By Tom Collins
WOODSTOCK — A Western Ontario farmer who will become a certified crop advisor next month already has a list of 30 customers who want to hire him to scout for pests on their farms so they can continue to use neonicotinoid-treated corn and soybean seeds. He could be the province’s only crop advisor focusing on neonics, a pesticide coating on seeds.
The province’s phased-in neonic ban means farmers wanting to use neonics in Lambton, Middlesex and Wellington counties will need professional pest advisors to conduct the pest assessments before planting in 2018. Other counties will be phased in over the next two years. Until the ban was announced two years ago, more than 90 per cent of Ontario’s corn and more than 60 per cent of soybeans were grown from neonic-treated seeds.

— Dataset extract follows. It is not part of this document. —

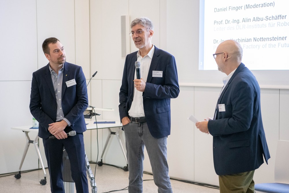 The event was organised to mark the successful conclusion of the joint project "Factory of the Future - Extended", in which several DLR research institutes were involved. Speakers from industry spoke about trends and industry requirements for robotic solutions and innovative components for future production. Numerous contributions from researchers - in the form of short presentations and an internal exhibition - provided innovative designs for these challenges. The variety of topics ranged from autonomous, flexible production networks, intuitive robot programming and virtual commissioning to robot-assisted inspections in maintenance and hybrid manufacturing. Participants were able to experience DLR's latest developments up close during two guided tours of the research laboratories.

While many crop advisors are encouraging corn growers to go with DuPont Pioneer’s Lumivia and Syngenta’s Fortenza to avoid the laborious neonic scouting, there are currently no non-neonic alternatives for growers using neonic-treated soybean seeds.
Dan Yeoman, of Woodstock, is starting his own professional pest advising business in Oxford County. Farmers there can do their own pest assessments this year as the farmers won’t need to use a certified crop advisor until Aug. 31, 2018. However, Yeoman said many farmers don’t want to spend their time doing their own assessments. Yeoman, who plans to take up to 100 customers, will look after the digs, the traps and the paperwork and will go back three times to check to try and catch the pests in the trap if necessary.
“Farmers are concerned with the new products and the regulations,” he said. “We do know the products that we have with the neonicotinoids are going in the ground, they’re working, and they’re taking care of the insects before the crop emerges out of the ground.”